---- Available data
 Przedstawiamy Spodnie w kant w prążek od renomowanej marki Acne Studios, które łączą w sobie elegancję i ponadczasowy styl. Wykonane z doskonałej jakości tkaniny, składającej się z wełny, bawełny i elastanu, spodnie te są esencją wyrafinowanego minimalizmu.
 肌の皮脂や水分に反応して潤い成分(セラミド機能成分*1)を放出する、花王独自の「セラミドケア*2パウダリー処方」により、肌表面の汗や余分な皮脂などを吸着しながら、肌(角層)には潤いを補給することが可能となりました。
--------
---- Available data
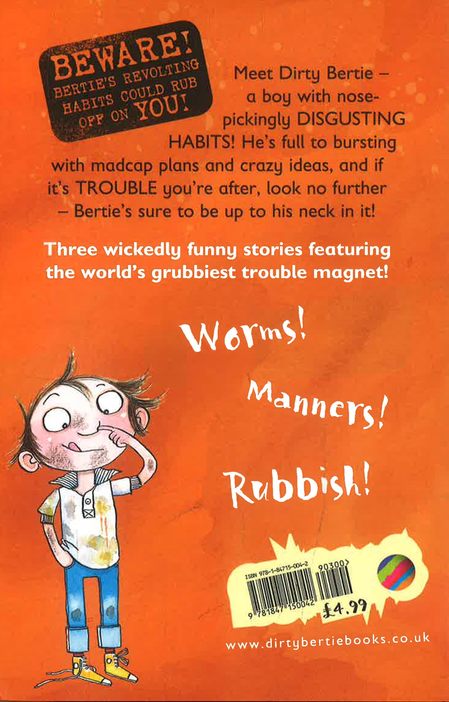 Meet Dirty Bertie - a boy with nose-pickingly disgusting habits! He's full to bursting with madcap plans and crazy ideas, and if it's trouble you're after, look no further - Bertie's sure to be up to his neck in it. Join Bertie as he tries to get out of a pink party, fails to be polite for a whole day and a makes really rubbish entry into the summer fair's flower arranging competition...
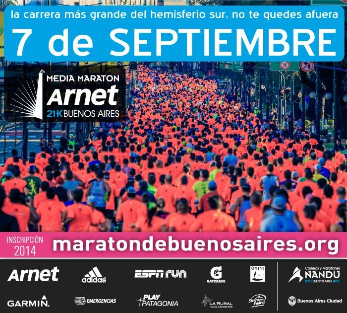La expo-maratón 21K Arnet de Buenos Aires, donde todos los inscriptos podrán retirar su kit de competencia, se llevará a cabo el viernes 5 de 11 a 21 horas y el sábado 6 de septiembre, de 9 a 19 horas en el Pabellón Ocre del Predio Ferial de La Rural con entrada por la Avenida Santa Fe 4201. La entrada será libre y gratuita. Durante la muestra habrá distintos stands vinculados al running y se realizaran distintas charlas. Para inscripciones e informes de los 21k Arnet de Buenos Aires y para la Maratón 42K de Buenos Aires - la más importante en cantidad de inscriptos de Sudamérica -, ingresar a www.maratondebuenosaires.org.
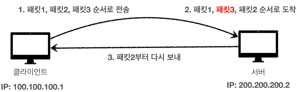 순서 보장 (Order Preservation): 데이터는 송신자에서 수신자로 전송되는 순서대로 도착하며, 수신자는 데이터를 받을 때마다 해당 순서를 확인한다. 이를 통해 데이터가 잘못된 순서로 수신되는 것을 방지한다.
--------
— Task item —
The entries above hold the needed span. Transcribe exactly the lines from the one with "Przedstawiamy Spodnie w" to the one with "肌の皮脂や水分に反応して潤い", both included.

— Task output —
 Przedstawiamy Spodnie w kant w prążek od renomowanej marki Acne Studios, które łączą w sobie elegancję i ponadczasowy styl. Wykonane z doskonałej jakości tkaniny, składającej się z wełny, bawełny i elastanu, spodnie te są esencją wyrafinowanego minimalizmu.
 肌の皮脂や水分に反応して潤い成分(セラミド機能成分*1)を放出する、花王独自の「セラミドケア*2パウダリー処方」により、肌表面の汗や余分な皮脂などを吸着しながら、肌(角層)には潤いを補給することが可能となりました。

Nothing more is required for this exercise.